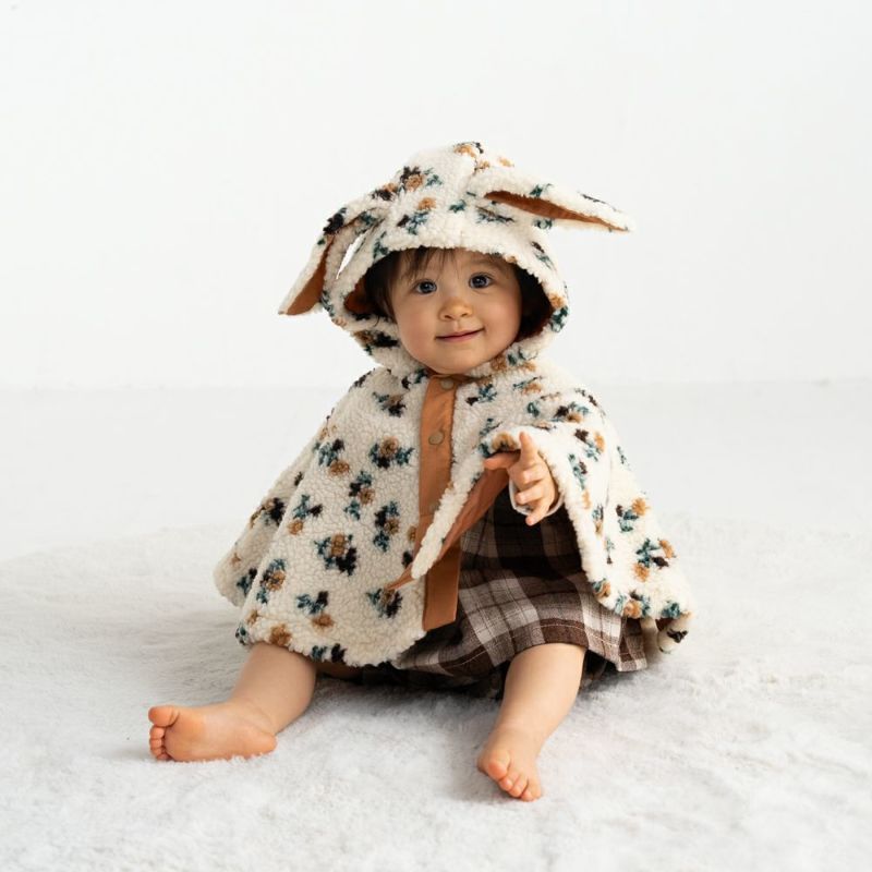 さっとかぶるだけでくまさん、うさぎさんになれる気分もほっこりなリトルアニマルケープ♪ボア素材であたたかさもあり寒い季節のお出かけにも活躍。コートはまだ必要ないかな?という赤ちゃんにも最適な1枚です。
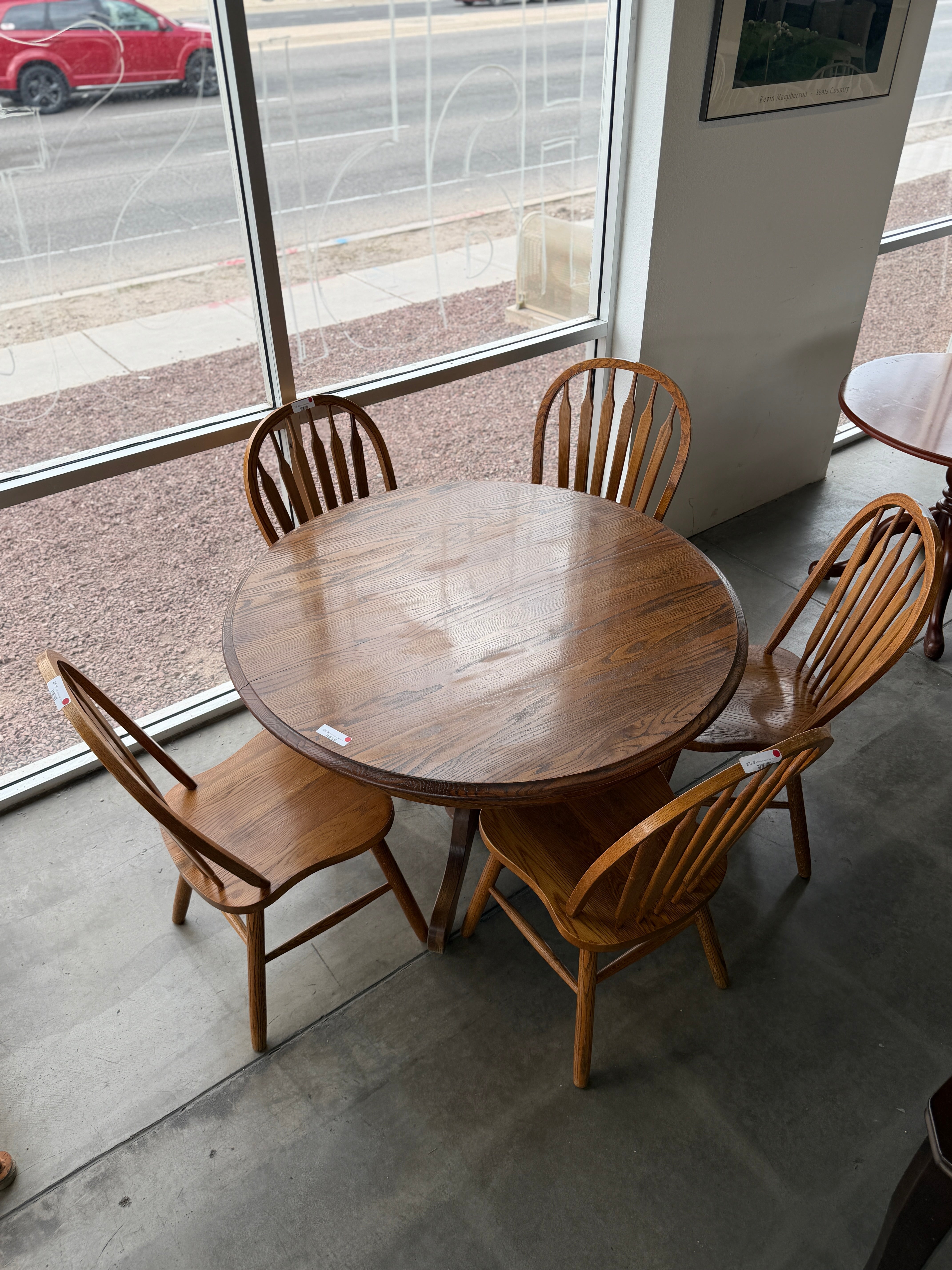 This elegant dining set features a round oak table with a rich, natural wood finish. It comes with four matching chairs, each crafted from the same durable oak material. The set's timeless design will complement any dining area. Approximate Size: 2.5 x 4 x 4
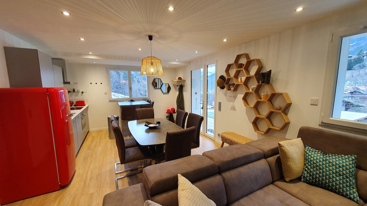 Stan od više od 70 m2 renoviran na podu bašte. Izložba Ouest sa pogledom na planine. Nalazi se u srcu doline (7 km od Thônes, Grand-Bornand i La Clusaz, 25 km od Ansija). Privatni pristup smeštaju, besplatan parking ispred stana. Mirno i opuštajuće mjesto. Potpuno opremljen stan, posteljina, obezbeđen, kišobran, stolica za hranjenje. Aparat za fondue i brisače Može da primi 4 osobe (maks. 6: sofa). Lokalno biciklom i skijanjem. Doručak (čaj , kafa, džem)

→ WORK INSTRUCTIONS:
Could you output the lines above exactly, with no pictures included?

→ TASK OUTPUT:
 さっとかぶるだけでくまさん、うさぎさんになれる気分もほっこりなリトルアニマルケープ♪ボア素材であたたかさもあり寒い季節のお出かけにも活躍。コートはまだ必要ないかな?という赤ちゃんにも最適な1枚です。
 This elegant dining set features a round oak table with a rich, natural wood finish. It comes with four matching chairs, each crafted from the same durable oak material. The set's timeless design will complement any dining area. Approximate Size: 2.5 x 4 x 4
 Stan od više od 70 m2 renoviran na podu bašte. Izložba Ouest sa pogledom na planine. Nalazi se u srcu doline (7 km od Thônes, Grand-Bornand i La Clusaz, 25 km od Ansija). Privatni pristup smeštaju, besplatan parking ispred stana. Mirno i opuštajuće mjesto. Potpuno opremljen stan, posteljina, obezbeđen, kišobran, stolica za hranjenje. Aparat za fondue i brisače Može da primi 4 osobe (maks. 6: sofa). Lokalno biciklom i skijanjem. Doručak (čaj , kafa, džem)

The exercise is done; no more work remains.